US = peak center within 1kb upstream of 3'SS. DS = peak center within 1kb downstream of 5'SS. (A) Mappable reads at CTCF peaks vs. controls. (B)-(D) ChIP-Seq profiles from ENCODE data. (E)-(F) GRO-Seq reads at and around CTCF peaks vs. controls. SRSF1 wt is a conditional SRSF1-knockdown cell line in which SRSF1 is not knocked out; SRSF2 is defined similarly. Test vs. control P-values/bin are as shown in Fig 1B, with the lightest shade of grey corresponding to P-value < 0.01.

https://doi.org/10.1371/journal.pone.0132448.g003

The relationship between downstream CTCF binding and RNAPII pausing has been examined so far only in human, so we generated profiles in mouse MEF cell lines and observed the same result as in human (Figure C in S5 Fig). The profiles centered at the 5' SS looked similar to those at the exon center (Figures A and C in S5 Fig), indicating that differences between test and control sets are not due to differences in exon length distribution. Thus, we recover the significant accumulation of RNAPII ChIP-Seq reads at intragenic CTCF peaks within 1kb downstream of internal exons in both human and mouse, with similar fold-enrichment as observed just for alternatively spliced exons [1]. We also noticed a significant accumulation of ChIP-Seq input reads at CTCF peaks downstream of exons at comparable fold-enrichment as RNAPII relative to control regions in both human and mouse (Fig 3C and Figure D in S5 Fig). Moreover, when we normalized the RNAPII read profiles by input reads (Methods), we found no accumulation of RNAPII at CTCF peaks (Fig 3D and Figure E in S5 Fig); instead, there is actually a small but significant reduction in RNAPII reads per input read at CTCF peak centers relative to controls in the HepG2 profile, while there is no significant difference seen in the K562 and MEF profiles. Thus, in the three samples examined, the observed RNAPII accumulation of non-duplicate RNAPII ChIP-Seq reads at CTCF peaks is due to increased input signal at CTCF peaks. To investigate this further, we generated the profiles of sense-stranded GRO-Seq reads from the MEF cell lines (Fig 3E and 3F). This analysis shows no significant difference in reads at CTCF peaks compared with controls. Interestingly, there is a small but significant accumulation of GRO-Seq reads downstream of exons with a CTCF peak over controls in the SRSF2wt sample, but this accumulation is not related to the position of the CTCF peak (Fig 3E, right-most panel). Although these GRO-Seq profiles do not consider mappability, we showed before that the mappability bias at CTCF peaks would favor increased reads at CTCF peaks versus controls. The profiles for IgG ChIP-Seq, often used as control experiment, for MEF at CTCF peaks compared with controls show very sparse and randomly distributed signal, with none of the comparisons being statistically significant (Figure F in S5 Fig).

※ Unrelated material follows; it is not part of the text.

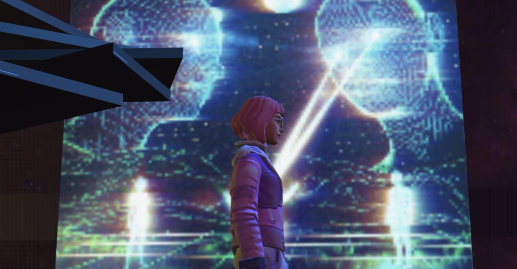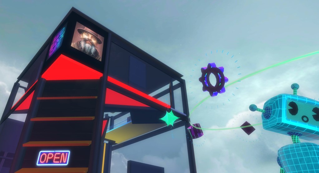 Now, to my absolute favorite aspect of this build, the outdoor space, which is nothing short of entertaining and amazing. As Metaverse explorers journey to the outer area of this venue they will be delighted to see a larger-than-life robot placed alongside this build. Adding a sense of fun and tying it all together. The robot glows radiant blues and greens, while motioning around in all directions. I found myself mesmerized as the robot would change faces, and spin around various geometric shapes in glee. It was hard to not be entertained by this cheerful feature added to this Web World. A beacon of fun to remind everyone to not take things so seriously and to just have fun with it – at least, I think so.

Finally, the original finding of RNAPII accumulation at CTCF peaks was observed downstream of exons that showed a significantly different splicing inclusion rate upon CTCF knockdown (KD) [1]. We therefore took the subset of the exons affected by CTCF KD that overlapped with our internal exon set and also had a downstream CTCF peak in HepG2. There were a total of 42 such exons. The profiles of RNAPII, the corresponding input, and RNAPII/input (Figure G in S5 Fig) show the same behavior as the profiles for the full internal exon set. Thus the accumulation of RNAPII ChIP-Seq signal that we observe is due to a bias in the input signal, regardless of whether or not the inclusion of exons is affected by CTCF KD. Our results indicate that ChIP-Seq signal recapitulates in general the ChIP input signal, suggesting that some ChIP-Seq datasets may contain unspecific binding information. We also show that normalization by dividing by input reads yields results similar to the corresponding GRO-Seq profiles, both positive (in the case of RNAPII at TSSs), and negative (in the case of RNAPII at downstream CTCF peaks). Provided that the input sample uses the same protocol and has similar sequencing depth as the samples, normalizing by input is likely to retain biological information while eliminating the unspecific signals.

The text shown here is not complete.